Джек немного удивился тому, что в баре «Фокс» оказался этот напиток. Впрочем, «Фокс» всегда считался местом, где можно было найти самые редкие сорта виски. И если верить наклейке, никто не пил «Олд Пэппи» до тех пор, пока оно не достигало двадцатилетней выдержки.
– Твои мысли на сей счет? – спросил Джек.
Минут пять понадобилось на то, чтобы ввести Майка в курс дела. Майк вынес вердикт за пять секунд.
– Она та еще штучка, – ответил он и взял с тарелки с закусками маринованный перчик. – Всегда была такой.
– Что ты имеешь в виду?
– Ее поступки никогда нельзя было просчитать. И все, что она делала, сводилось к одной цели: шокировать людей. Посмотреть, как они будут реагировать.
– Шок – мягко сказано.
– Я не говорил, что ей не свойственна мстительность.
Джек отпил глоток виски.
– Гениальный ход. Оставить все ребенку, которого она отдала на усыновление. Вместо того чтобы самой разыскать своего отпрыска, все взвалила на меня. Теперь я должен его искать.
– С чисто технической точки зрения ты ничего не должен. И если этого ребенка никто не найдет, полтора миллиона твои.
– В том-то и проблема.
– Что-то я тебя не понимаю.
– Эти деньги получены обманным путем. Если мне удастся найти ребенка, я передам ему полтора миллиона долларов, заведомо зная, что деньги эти грязные. А если не стану его искать, меня обвинят в том, что я лишил законного наследства собственную плоть и кровь.
– Кто будет обвинять?
– Да все.
– Все? Или ты сам?
– Что ты хочешь этим сказать?
– Просто пытаюсь думать и рассуждать как Джесси. Возможно, у нее была иная цель. Не отдавать деньги в руки ребенка, от которого отказалась, а сделать все, чтобы ты чувствовал себя виноватым.
– Выходит, она давным-давно замыслила эту месть?
– Выходит так. Но кто знает, что творилось у нее в голове?
Джек отпил еще один большой глоток.
– Кажется, я знаю.
– Не хочешь поделиться?
Джек посмотрел в зеркало, висевшее над стойкой бара, и заговорил с отражением Майка:
– Дело в том, что у Джесси не могло быть детей.
– А этот чей?
– Я имею в виду после родов. Я вел дело в суде и видел ее медицинскую карту.
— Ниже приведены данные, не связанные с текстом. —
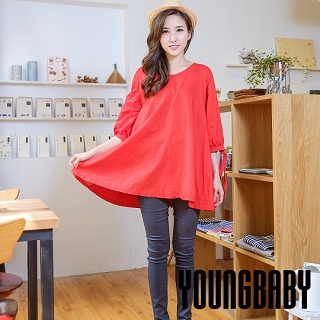 【YOUNGBABY中大碼】正韓 五分袖前片棉麻後棉袖綁帶A字上衣-洋裝(共2色)
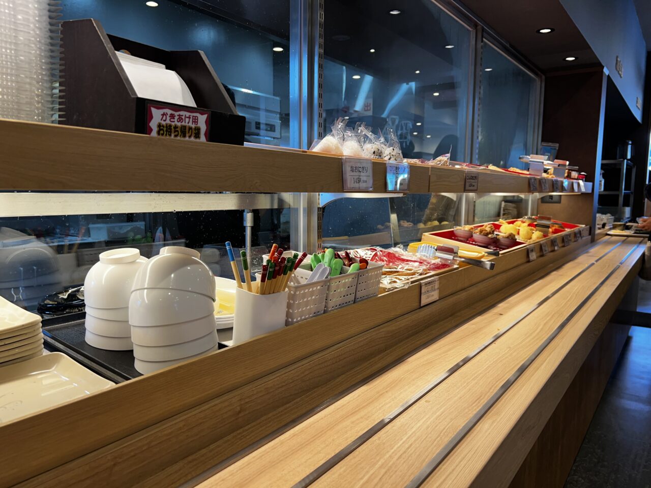 おにぎり・いなり寿司・天ぷらなど欲しいものをトレイに乗せて右へ進みお会計をします。
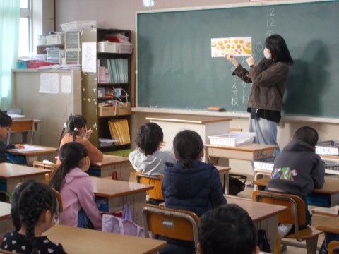 「たぬきの糸車」の最後の場面で,おかみさんとたぬきの会話を考え,このたぬきはどんなたぬきなのか,理由を付けて発表しました。「やさしいたぬき」や「はずかしがりやなたぬき」などの言葉を使って,表現しました。しっかり読み取れていました。

Она страдала ВИМО.
– Что?
– Воспалительной инфекцией маточной области. Джесси вылечили, но осложнения… Такие женщины не могут иметь детей.
– И как она ее подхватила, эту инфекцию?
– А ты как думаешь?
Майк кивнул с таким видом, точно ему все сразу стало ясно.
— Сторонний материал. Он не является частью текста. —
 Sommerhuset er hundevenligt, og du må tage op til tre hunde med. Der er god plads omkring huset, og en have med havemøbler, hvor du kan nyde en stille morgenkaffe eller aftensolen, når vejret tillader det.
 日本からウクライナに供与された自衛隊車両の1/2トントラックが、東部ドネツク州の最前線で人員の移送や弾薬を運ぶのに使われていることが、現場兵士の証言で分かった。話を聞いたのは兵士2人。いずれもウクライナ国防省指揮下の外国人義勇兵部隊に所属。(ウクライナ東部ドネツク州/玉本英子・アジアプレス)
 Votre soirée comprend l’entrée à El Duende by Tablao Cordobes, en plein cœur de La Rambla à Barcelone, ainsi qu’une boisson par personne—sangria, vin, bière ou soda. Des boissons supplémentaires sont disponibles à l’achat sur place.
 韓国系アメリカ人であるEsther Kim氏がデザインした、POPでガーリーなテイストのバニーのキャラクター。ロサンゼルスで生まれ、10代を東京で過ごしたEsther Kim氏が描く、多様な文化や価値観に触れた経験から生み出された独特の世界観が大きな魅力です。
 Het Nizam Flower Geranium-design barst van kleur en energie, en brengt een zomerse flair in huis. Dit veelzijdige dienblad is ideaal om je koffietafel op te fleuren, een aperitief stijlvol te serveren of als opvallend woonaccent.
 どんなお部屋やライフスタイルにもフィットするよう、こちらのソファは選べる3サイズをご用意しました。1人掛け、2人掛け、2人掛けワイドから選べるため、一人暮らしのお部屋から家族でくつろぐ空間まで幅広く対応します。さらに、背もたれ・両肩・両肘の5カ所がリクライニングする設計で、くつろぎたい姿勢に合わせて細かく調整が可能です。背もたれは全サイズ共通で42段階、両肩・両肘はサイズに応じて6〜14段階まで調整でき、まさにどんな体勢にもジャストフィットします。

– Вы с ней расстались, и она понимает, что беременна. Приходит к тебе и говорит, что не прочь начать все с начала. А ты к тому времени уже успел познакомиться с Синди Пейдж, вот почему Джесси не говорит о ребенке. Она не хочет, чтобы ты вернулся к ней по принуждению – из-за ребенка.
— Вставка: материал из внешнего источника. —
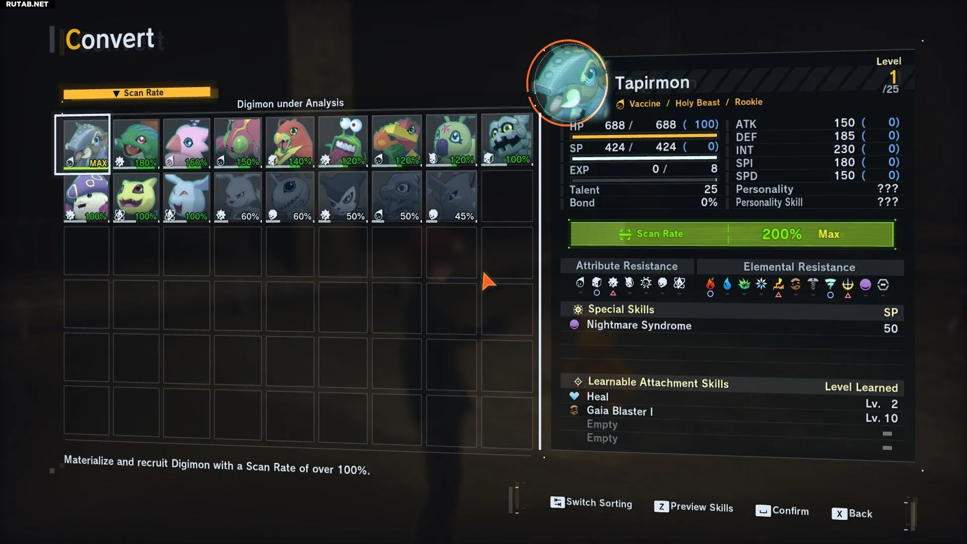 Например, для эволюции Wanyamon в Renamon потребуется повысить показатель SP до 380 или выше, а INT — до 230 или выше, чтобы эта эволюция стала доступной.
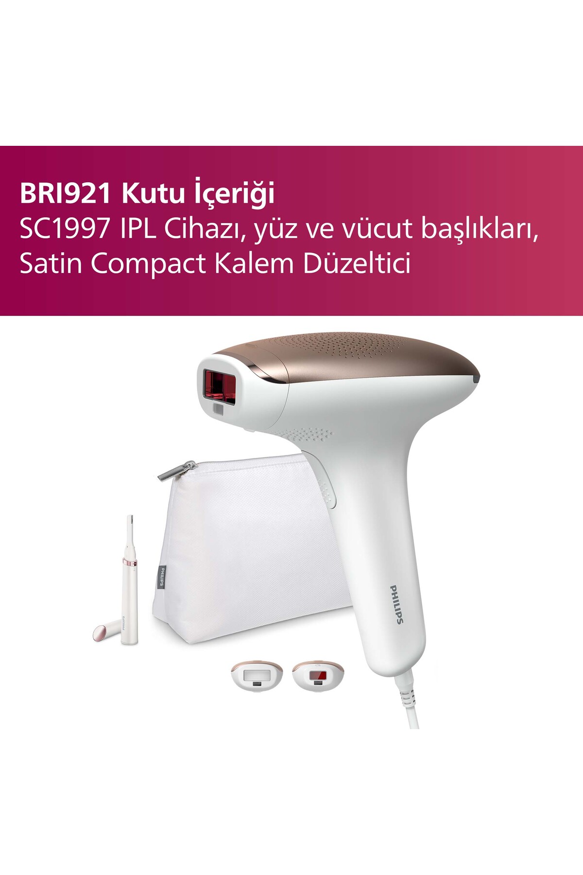 BRI921/00 product consists of SC1997/00 IPL device and Satin Pen Corrector.
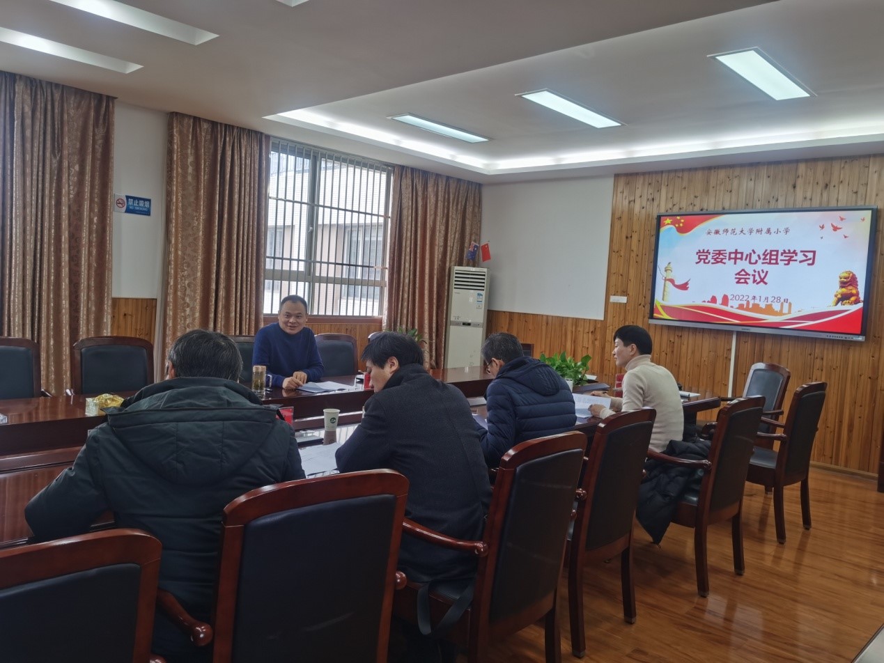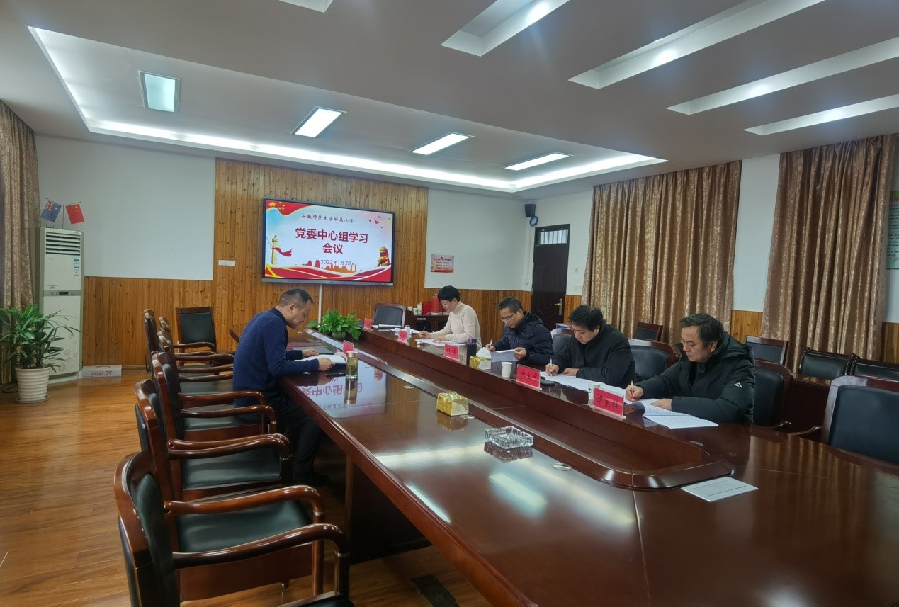 1月28日上午,在农历虎年春节即将到来之际,安徽师范大学附属小学在中校区召开本年度第二次党委中心组学习会议,深入学习贯彻中央有关文件精神,切实提高附小党委班子领导能力和水平,促进学校发展建设。学习会由附小新任党委书记、校长辛治洋主持。附小党委中心组成员参加会议。
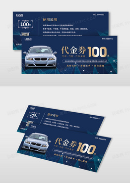 蓝色质感汽修汽配汽车美容优惠券汽车代金券

Джек допил остатки виски и оглядел тонущий в дыму зал.
– Она рожает ребенка, отдает мальчика на усыновление, от какого-то мужчины цепляет инфекцию. В результате: единственного ребенка отдала, других детей не предвидится. Безвыходная ситуация.
Они обменялись взглядами, затем, точно сговорившись, устремили взоры на экран телевизора с приглушенным звуком.
– Эй, Джек, – сказал Майк.
– Да?
– Кажется, я наконец понял, почему Джесси попросила тебя быть ее адвокатом.
Джек поболтал кубиками льда в пустом стакане и ответил:
– Да. Я тоже.
39
Катрина с Владимиром вошли в ресторан «Бурый медведь» в половине седьмого. Они прошли в дальний конец зала и присоединились к Тео, занявшему отдельную кабинку.
Катрина представила мужчин друг другу, все уселись на обитые кожей сиденья: Катрина – рядом с боссом, Тео – напротив.
«Бурый медведь» находился в восточном Голливуде, неподалеку от бульвара Халландейл-Бич. В большинстве своем обитатели этого района были выходцами из стран Восточной Европы. На газетном лотке у входа продавалась не какая-нибудь там «Майами геральд», а «Экзайл»,[23] газета из Москвы, выходящая раз в неделю. Над кассовым аппаратом красовалась фотография Иосифа Кобзона с автографом. Эстрадный певец, известный в СССР проникновенным исполнением патриотических песен, был любимцем покойного лидера Советов Леонида Брежнева. И за столиками здесь куда чаще звучал русский или словацкий, нежели английский и испанский. Обстановка царила почти семейная, еда стоила недорого. Подавали огромные порции барашка на вертеле, свиные отбивные и бефстроганов. Икра и водка стоили много дороже. По выходным играл джаз-банд из трех человек, и еще гостей развлекала певица с пышными формами. Столики следовало заказывать заранее, исключение делалось лишь для немногих, к примеру таких, как Владимир.